EU-kommissionens forslag om en fond for at genrejse økonomien er intet mindre end en super-boosting af økonomien, vurderer Nordea. Fonden bliver større end det tysk-franske forslag, nemlig på 750 milliarder euro. De 500 milliarder bliver direkte tilskud til de hårdest ramte land. Pengene skal ikke betals tilbage. De 250 milliarder bliver lån – som sparebanden i EU har krævet. Med fonden lægger EU også op til nye indtægtskilder, såsom en CO2-skat.

Uddrag fra Nordea:

Euro area: Turbo-boosting the recovery

The EUR 750bn recovery fund proposal presented by the Commission today could make a difference but still faces obstacles. If passed, it would illustrate a strong commitment to keep the Euro-area and the EU together and support EUR assets.

  • The European Commission proposes a package worth EUR 750bn, EUR 500bn in grants and EUR 250bn in loans, financed by bonds issued by the European Union. The repayment period would last until 2058.
  • The grants would be targeted towards countries in worst economic difficulties, with e.g. Greece receiving aid worth more than 13% of GDP.
  • The plan faces many obstacles, but if passed, it has the potential to significantly boost confidence towards the EU and Euro area.
  • The plan aims to increase investments in the future, but at this stage, there are a lot of questions marks related to implementation. Unless the aid comes with strong conditionality, there are clear risks of moral hazard and an eventual loss of confidence towards the EU in a number of countries.
  • The proposal comes up with many new sources of revenue, such as a border carbon tax for the EU, to help finance the package, which may also raise objections in a number of countries.
  • A convincing recovery plan is positive for the EUR and supports narrowed intra-Euro-area bond spreads.

The European Commission proposed today a EUR 750bn package to support the recovery from the corona crisis, of which EUR 500bn would take the form of grants and EUR 250bn in loans. The Commission’s plans will also include a general increase in the EU budget and follows a string of other support measures decided earlier.

The package would be financed by the bonds issued by the European Union, backed by the EU budget and guarantees from EU member states. The EU has issued bonds before, but with an amount of around EUR 50bn outstanding, the magnitude has been much smaller. At least a part of the bonds would be in the long-end of the yield curve as the Commission proposes that the debt would be paid back only by 2058.

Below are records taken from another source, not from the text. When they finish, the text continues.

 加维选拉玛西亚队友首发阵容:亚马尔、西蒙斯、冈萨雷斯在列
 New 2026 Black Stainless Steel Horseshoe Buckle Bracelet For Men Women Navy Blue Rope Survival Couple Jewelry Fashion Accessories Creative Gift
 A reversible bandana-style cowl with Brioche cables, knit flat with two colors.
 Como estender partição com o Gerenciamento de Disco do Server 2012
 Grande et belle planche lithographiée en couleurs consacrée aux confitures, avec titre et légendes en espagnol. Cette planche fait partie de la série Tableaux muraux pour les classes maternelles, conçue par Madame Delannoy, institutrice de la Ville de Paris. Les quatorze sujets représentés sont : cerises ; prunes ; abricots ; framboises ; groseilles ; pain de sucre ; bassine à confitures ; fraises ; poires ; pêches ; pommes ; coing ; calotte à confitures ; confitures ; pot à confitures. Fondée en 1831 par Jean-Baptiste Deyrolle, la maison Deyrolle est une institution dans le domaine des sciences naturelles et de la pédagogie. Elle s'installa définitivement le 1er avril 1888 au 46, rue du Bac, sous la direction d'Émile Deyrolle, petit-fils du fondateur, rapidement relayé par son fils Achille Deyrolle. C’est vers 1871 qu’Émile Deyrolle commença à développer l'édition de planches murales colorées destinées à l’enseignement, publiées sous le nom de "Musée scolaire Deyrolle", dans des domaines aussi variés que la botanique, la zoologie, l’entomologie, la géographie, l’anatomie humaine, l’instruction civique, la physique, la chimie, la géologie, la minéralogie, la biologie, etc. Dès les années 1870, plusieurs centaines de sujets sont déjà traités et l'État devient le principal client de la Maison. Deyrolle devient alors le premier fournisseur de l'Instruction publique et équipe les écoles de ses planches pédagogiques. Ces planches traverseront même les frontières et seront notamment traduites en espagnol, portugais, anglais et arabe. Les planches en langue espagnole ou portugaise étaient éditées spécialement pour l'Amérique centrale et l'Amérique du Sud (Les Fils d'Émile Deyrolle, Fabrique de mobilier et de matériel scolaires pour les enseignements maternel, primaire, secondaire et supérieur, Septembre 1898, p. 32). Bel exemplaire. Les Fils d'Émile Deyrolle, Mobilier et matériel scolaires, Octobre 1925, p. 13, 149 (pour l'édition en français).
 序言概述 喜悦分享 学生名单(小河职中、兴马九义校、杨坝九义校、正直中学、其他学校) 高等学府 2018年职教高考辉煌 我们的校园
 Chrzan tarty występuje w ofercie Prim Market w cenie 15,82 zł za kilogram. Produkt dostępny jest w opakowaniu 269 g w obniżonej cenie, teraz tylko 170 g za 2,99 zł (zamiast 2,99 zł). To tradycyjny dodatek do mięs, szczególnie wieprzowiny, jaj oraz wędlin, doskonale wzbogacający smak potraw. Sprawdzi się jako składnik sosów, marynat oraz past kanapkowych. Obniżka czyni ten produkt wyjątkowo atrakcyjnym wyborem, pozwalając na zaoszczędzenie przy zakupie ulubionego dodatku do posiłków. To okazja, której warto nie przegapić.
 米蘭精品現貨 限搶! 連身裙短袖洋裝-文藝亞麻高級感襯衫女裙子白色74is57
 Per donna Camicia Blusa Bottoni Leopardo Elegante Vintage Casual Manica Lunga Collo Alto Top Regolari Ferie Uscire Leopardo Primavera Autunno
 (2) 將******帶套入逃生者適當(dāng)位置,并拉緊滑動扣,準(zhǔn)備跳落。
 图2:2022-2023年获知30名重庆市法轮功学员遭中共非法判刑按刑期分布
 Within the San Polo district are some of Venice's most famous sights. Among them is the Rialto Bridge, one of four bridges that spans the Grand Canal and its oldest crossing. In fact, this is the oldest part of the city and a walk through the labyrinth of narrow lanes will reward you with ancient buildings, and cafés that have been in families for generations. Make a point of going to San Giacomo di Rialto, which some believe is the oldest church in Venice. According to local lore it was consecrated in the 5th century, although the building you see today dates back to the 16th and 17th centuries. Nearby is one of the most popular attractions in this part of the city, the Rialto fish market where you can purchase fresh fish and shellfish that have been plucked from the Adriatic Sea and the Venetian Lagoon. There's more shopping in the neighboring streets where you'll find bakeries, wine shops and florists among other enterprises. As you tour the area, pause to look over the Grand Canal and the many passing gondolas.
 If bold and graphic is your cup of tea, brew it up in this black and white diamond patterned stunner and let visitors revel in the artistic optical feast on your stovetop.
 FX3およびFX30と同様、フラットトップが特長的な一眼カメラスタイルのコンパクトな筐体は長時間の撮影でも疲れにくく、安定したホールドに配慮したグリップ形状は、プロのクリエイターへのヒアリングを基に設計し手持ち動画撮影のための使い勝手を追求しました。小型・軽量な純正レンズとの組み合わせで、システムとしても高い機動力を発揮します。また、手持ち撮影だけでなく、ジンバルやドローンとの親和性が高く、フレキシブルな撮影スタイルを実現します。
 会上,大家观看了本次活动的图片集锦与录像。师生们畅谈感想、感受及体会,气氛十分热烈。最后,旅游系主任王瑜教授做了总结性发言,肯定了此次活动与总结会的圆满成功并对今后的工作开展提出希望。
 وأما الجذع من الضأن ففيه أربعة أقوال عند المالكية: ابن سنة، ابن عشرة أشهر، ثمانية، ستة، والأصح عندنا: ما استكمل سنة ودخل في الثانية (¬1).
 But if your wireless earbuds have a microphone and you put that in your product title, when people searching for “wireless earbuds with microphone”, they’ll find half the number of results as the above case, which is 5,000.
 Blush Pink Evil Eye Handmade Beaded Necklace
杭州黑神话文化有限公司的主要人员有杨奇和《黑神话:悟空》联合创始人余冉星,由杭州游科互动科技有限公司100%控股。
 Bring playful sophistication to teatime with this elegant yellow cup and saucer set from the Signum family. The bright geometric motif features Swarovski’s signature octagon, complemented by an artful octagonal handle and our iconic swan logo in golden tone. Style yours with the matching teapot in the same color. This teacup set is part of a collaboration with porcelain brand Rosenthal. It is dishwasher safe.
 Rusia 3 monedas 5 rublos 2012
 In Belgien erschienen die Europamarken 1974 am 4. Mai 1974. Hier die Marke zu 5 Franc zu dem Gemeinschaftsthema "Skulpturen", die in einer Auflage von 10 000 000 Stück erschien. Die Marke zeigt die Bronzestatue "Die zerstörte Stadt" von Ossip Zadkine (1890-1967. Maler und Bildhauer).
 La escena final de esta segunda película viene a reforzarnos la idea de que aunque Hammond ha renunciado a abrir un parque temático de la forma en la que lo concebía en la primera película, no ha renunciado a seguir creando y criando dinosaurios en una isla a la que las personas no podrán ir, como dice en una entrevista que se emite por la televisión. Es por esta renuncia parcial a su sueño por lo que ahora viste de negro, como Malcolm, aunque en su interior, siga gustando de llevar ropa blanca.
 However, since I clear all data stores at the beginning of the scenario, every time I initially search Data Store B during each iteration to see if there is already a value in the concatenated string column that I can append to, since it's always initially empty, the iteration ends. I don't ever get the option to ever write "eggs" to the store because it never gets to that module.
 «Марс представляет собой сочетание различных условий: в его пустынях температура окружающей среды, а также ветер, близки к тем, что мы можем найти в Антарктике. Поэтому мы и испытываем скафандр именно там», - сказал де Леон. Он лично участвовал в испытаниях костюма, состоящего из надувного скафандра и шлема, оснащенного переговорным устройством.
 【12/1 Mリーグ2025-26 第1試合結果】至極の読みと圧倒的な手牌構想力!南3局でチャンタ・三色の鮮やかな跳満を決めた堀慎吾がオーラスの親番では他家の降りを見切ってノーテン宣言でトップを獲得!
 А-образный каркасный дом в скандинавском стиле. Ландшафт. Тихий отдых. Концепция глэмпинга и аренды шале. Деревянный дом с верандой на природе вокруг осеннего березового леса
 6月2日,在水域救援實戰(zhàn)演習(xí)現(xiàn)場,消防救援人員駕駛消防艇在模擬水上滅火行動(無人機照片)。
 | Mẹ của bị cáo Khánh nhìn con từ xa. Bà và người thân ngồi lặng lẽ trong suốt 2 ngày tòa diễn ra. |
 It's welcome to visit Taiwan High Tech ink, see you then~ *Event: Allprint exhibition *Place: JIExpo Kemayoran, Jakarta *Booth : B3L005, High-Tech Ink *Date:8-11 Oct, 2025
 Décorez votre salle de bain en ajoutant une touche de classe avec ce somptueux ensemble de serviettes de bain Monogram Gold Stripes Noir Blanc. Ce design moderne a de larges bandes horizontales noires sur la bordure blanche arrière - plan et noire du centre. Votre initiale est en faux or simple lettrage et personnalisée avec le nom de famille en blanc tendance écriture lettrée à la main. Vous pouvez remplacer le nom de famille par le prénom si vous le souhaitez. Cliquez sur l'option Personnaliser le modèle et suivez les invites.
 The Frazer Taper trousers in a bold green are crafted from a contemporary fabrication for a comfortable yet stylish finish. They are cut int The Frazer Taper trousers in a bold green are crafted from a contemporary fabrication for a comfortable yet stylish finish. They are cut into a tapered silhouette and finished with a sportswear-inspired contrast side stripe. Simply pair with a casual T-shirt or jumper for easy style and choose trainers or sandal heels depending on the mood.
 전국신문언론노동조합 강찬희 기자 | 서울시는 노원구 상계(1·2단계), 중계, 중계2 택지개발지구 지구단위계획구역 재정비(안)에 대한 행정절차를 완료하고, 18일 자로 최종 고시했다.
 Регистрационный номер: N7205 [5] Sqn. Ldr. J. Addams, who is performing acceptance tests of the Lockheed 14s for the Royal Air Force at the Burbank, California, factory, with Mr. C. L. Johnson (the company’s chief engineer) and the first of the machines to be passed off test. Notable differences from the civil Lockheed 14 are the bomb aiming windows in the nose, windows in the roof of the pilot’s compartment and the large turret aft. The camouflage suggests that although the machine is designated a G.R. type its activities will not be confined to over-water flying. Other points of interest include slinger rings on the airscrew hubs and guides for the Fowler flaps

One of the major changes to the earlier EU policies is that the package proposes a number of new own resources, including income from the Emission Trading Scheme (ETS), a Carbon Border Adjustment Mechanism and a new digital tax.

The grants would be targeted towards countries in worst economic difficulties, and the amounts would be significant. Greece would receive support worth more than 13% of its (2019) GDP, Spain for close to 7% and Italy worth around 5% of GDP. Following the aid packages in the form of loans that were used in the Euro-area debt crisis, the Commission’s proposal would take a huge step towards increased solidary within the EU.

If passed, and that remains a big if, the plan has the potential to considerably boost the recovery of the economies worst hit by the crisis, and build confidence that the member countries are committed to supporting the union in times of crisis. Within the Euro area, the plan would also relieve the ECB of some pressure it is facing to keep the Euro area together.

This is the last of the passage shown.